Kompasiana adalah platform blog. Konten ini menjadi tanggung jawab bloger dan tidak mewakili pandangan redaksi Kompas.

kompas.com

Ketika seorang wanita penjual ikan duduk di kursi, di Pelabuhan perikanan Tegalsari, Tegal, Jawa Tengah yang begitu riuh dan ramai, baskom besar di antara kaki mereka dan sorban diikat elegan di kepala mereka, beberapa menatap ke kejauhan, ke arah cakrawala yang pernah diisi berbagai macam kapal penangkap ikan yang tentunya lebih banyak dari pada saat ini ketika mereka menunggu kapal untuk membeli ikan.

Dari waktu ke waktu seorang penjual ikan membenturkan baja mereka dengan keras, tidak sabar menunggu tangkapan kapal ikan diturunkan dari sampan kayu.

Di seberang lain riuh bergemuruh lebih banyak di isi dengan keluh mengeluh yaitu suara-suara yang terdengar dari para pekerja pengangkut ikan yang sudah dari dulu bekerja di pelabuhan ikan Tegalsari, sebuah paduan suara yang meratapi kekurangan ikan di laut, ikan yang sudah dari dulu mendukung kehidupan generasi nelayan tradisional berskala kecil yang tinggal tidak jauh dari pantai.

Jika dulu ada banyak ikan di sini, sekarang itu semua sudah hilang.

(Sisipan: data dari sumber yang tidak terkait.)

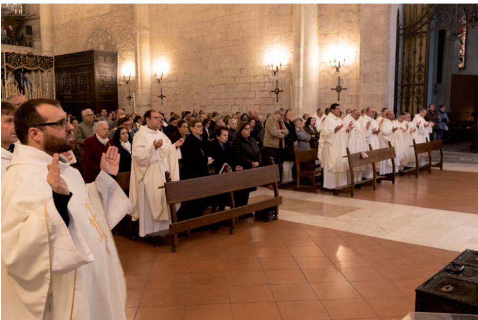
La Misa Crismal expresa la comunión de toda la diócesis

Apoyándose en Evangelii gaudium , recordó también que el pastor está llamado a ir delante del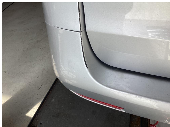
1.5 Plastrep og hellakkering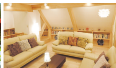
ゆっくりとくつろげる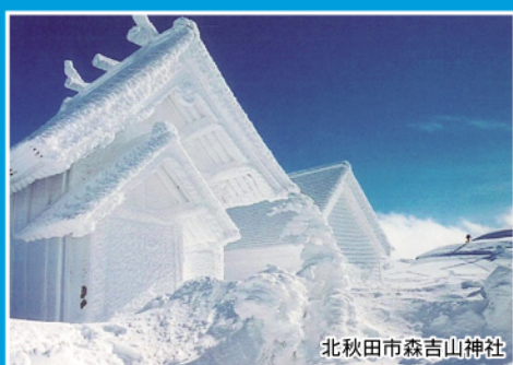
北秋田市森吉山神社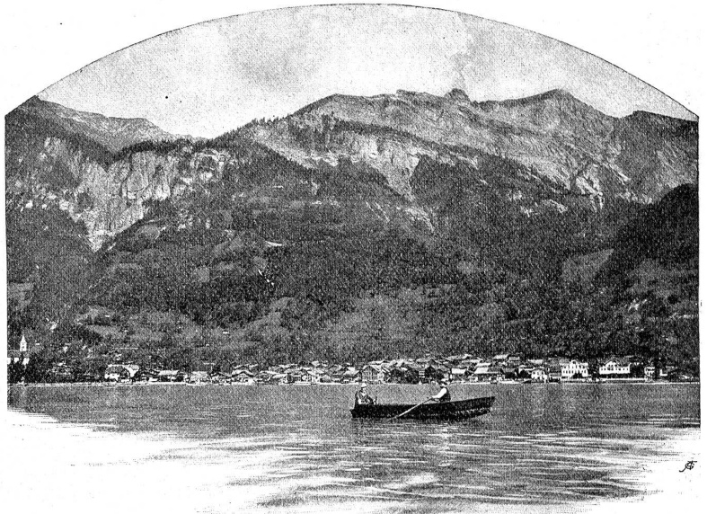
Brienz und das Brienz-Rothorn.

Wir begreifen, daß sie auf 1024 m, nach einer Höhendifferenz von 453 m in Geldried 600 Liter Wasser fassen muß.

Laut Utara Pulau Jawa adalah salah satu perairan yang banyak dilakukan kegiatan penangkapan di Indonesia, bahkan tingkat penangkapan ikan secara ilegal dan tidak dilaporkan cukup lumayan inggi. Sudah lama para ilmuan memperingatkan akan segera terjadi kehancuran stok ikan di Laut Utara Jawa jika tidak diambil langkah-langkah strategis untuk membatasi penangkapan ikan yang berlebihan.

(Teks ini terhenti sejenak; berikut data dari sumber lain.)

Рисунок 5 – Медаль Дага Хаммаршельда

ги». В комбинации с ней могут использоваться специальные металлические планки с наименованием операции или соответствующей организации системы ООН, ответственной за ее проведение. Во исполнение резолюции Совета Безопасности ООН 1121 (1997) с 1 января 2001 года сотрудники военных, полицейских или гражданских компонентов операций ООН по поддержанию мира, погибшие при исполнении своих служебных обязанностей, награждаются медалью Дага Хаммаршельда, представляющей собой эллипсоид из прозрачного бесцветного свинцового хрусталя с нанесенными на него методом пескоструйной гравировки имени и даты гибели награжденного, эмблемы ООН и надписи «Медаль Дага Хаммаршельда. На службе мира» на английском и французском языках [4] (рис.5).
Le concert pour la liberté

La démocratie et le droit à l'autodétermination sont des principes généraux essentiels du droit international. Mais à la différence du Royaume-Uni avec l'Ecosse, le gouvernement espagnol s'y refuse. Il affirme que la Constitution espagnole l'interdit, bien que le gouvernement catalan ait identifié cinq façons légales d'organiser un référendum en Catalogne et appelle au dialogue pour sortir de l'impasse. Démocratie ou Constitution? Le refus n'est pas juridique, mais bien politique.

Di Jawa Tengah terdapat ratusan kapal pukat ikan yang biasa dikenal dengan cantrang, sebuah kapal dengan alat tangkap yang menargetkan ikan- ikan ekonomis tinggi dan sudah dioperasikan oleh nelayan-nelayan pantai utara selama beberapa generasi.

Permasalahan yang muncul alat tangkap cantrang selain menangkpa ikan -- ikan ekonomis dilapangan juga banyak ikan-ikan kecil yang tertangkap oleh alat tangkap ini.

sehingga, secara teori ekologi perikanan hal ini dapat mengganggu populasi ikan-ikan dilaut, ikan-ikan hasil tangkapan cantrang akan terganggu populasinya.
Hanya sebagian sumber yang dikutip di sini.